Mujhu was founded by clinical researchers interested in finding ways to prevent HIV infection in children and dedicated to improving the health of women, children, and families who are infected and affected by HIV/Aids.

Nabukenya is a youth programme coordinator. Meanwhile, YGA’s membership has since grown from seven to 207 members. They meet every second Saturday of the month to engage in school and community outreaches projects, fund-raising events such as car washes and outings, farming, sports, music, dance and drama.

Reaching out
She is also ambassador of Elizabeth Glaser Paediatric Aids Foundation (EGPAF). “During outreaches, I share my story with other children and help them with challenges such as disclosure, adherence, stigma and discrimination.”

In 2005, under EGPAF, she represented children both infected and affected by HIV/aids in the US congress. She also conducts different sessions when they meet both in YGA and Ariel groups, peer support group for children and adolescents.

YGA trains 10 adolescents annually, who preach key information about HIV/Aids. YGA has been to Namugongo Fund for special children, Mildmay in Lweza and Taso Entebbe.
The car-wash activations are held at the Mujhu premises and community where they raise Shs300, 000 on average.

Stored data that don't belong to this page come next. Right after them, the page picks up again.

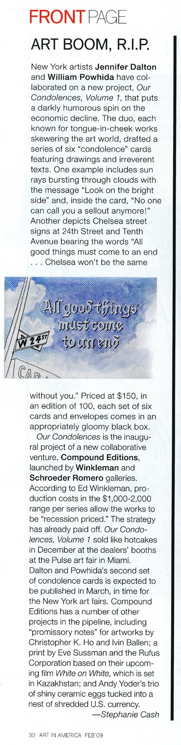 "Art Boom R.I.P." by Stephanie Cash, Art in America, February 2009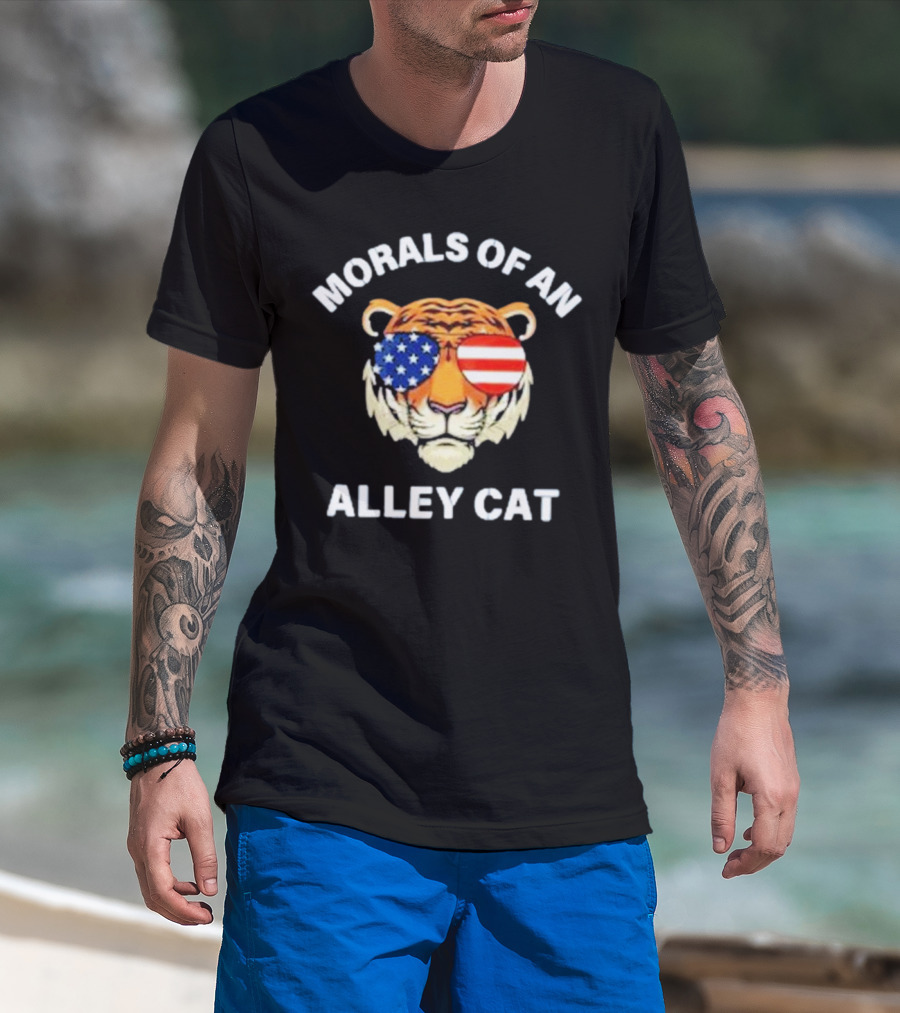 Morals Of An Alley Cat Tiger With American Flag Sunglasses T-Shirt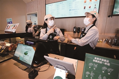 7月4日,“無聲咖啡師”公益培訓(xùn)項(xiàng)目學(xué)員、聽障咖啡師王茹(右)和聽障咖啡師李莎通過手語(yǔ)交流。每年9月的第四個(gè)周日是國(guó)際聾人日。在陜西省城市經(jīng)濟(jì)學(xué)校,新一期主要面向聽力殘疾人的“無聲咖啡師”公益培訓(xùn)正在進(jìn)行,這將為他們?nèi)蘸笤谶@一領(lǐng)域的創(chuàng)業(yè)與就業(yè)鋪平道路。新華社記者 李一博 攝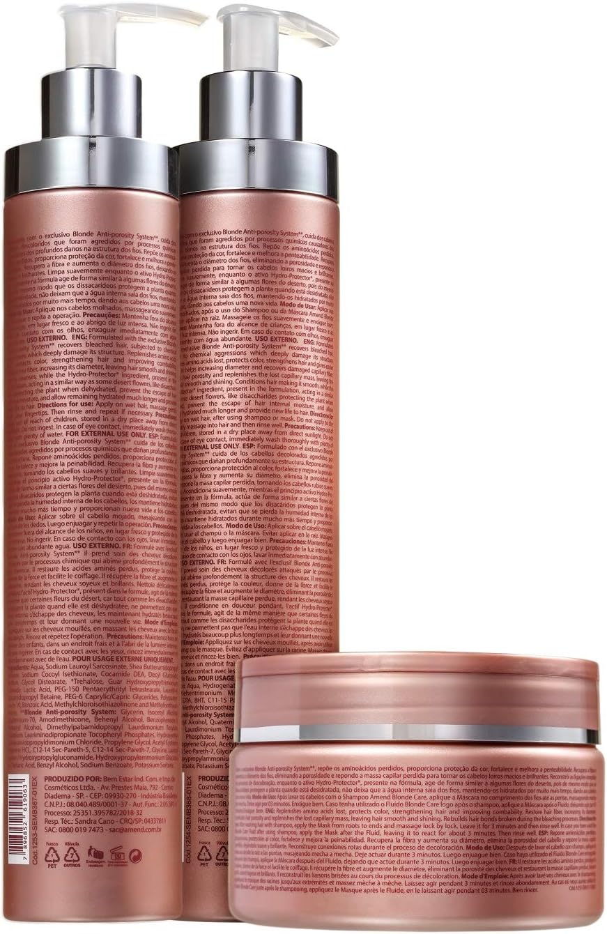 Benefícios: Kit de tratamento para cabelos loiros que hidrata, reconstrói e elimina a porosidade, devolvendo vida aos fios e protegendo a cor do desbotamento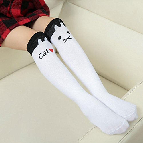 Nice Days(ナイス ディズ) 靴下 女の子 キッズソックス オーバーニーソックス 子供用ハイニーソックス 可愛い 猫柄 綿製 42cm (1#)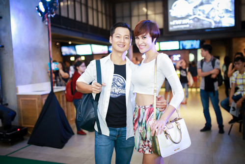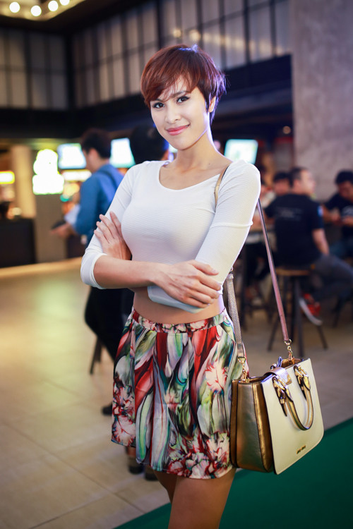 Siêu mẫu Phương Mai cũng mặc crop-top khoe eo thon gợi cảm khi đi xem phim.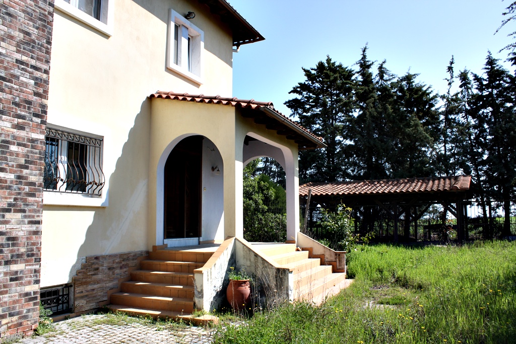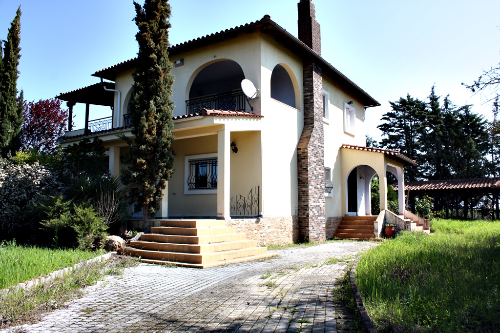 For sale 3-storey Villa of 320 sq m in the suburbs of Thessaloniki. The basement consists of a living room, one kitchen, one shower room, one pantry. The first floor consists of one bedroom, living room, one kitchen, one bathroom. The second floor consists of 3 bedrooms, one bathroom, one shower room. The object has a fireplace, barbecue, heating. To the property belongs a Parking space, garden.

They have had partnerships with interns from the US who join in their activities. The proceeds are saved and used to help members with financial challenges to attain education. Nabukenya says they aspire to organise bigger events to raise more funds to benefit more people. From the funds, they have been able to start a farm to grow crops which can be sold to benefit members. They grow maize and bananas and have a greenhouse under which they grow tomatoes and sweet pepper.

Winning the award
It is through championing such initiatives in addition to counselling people living with HIV/Aids and addressing conferences themed on HIV/Aids as she shares her story that got Nabukenya to win the Elizabeth Glaser Paediatric Aids Foundation 2016 Queen’s Young Leader Award.

She received it on Thursday in London. The Queen’s Young Leader Award recognises and celebrates exceptional people aged 18-29 from across the Commonwealth, who are taking the lead in their communities and using their skills to transform lives.

Winners of this prestigious award have received a unique package of training, mentoring and networking, including a one-week residential programme in the UK during which they collect their Award from Her Majesty the Queen. Nabukenya is the only person to receive the Queen’s Young Leader Award in Uganda this year. She travelled to London on June 16 for the official awarding ceremony.

Speaking about the award, she said it was a tightly contested one. “There were over 2, 000 contenders and only 60 were nominated,” she explains. Joy Edith Angulo, a Gender- Based Violence adviser at Usaid/RHITES-SW Project under EGPAF, nominated her.

How she came to be
Angulo has known Nabukenya for 11 years. “This was through my job with EGPAF – a Usaid funded organisation which supports children affected and infected by HIV/Aids. Josephine had just known about her HIV status. She was struggling with HIV-related stigma and discrimination,” she says. Adding that through the Ariel children’s club and Ariel adolescents’ holiday camp Josephine with other children from Mujhu and other parts of Uganda were equipped with knowledge and skills on how to cope and live positively with HIV.

“She was one of the young leaders who grew from being timid to a resilient and powerful young leader who encourages other children to live positively and take their drugs.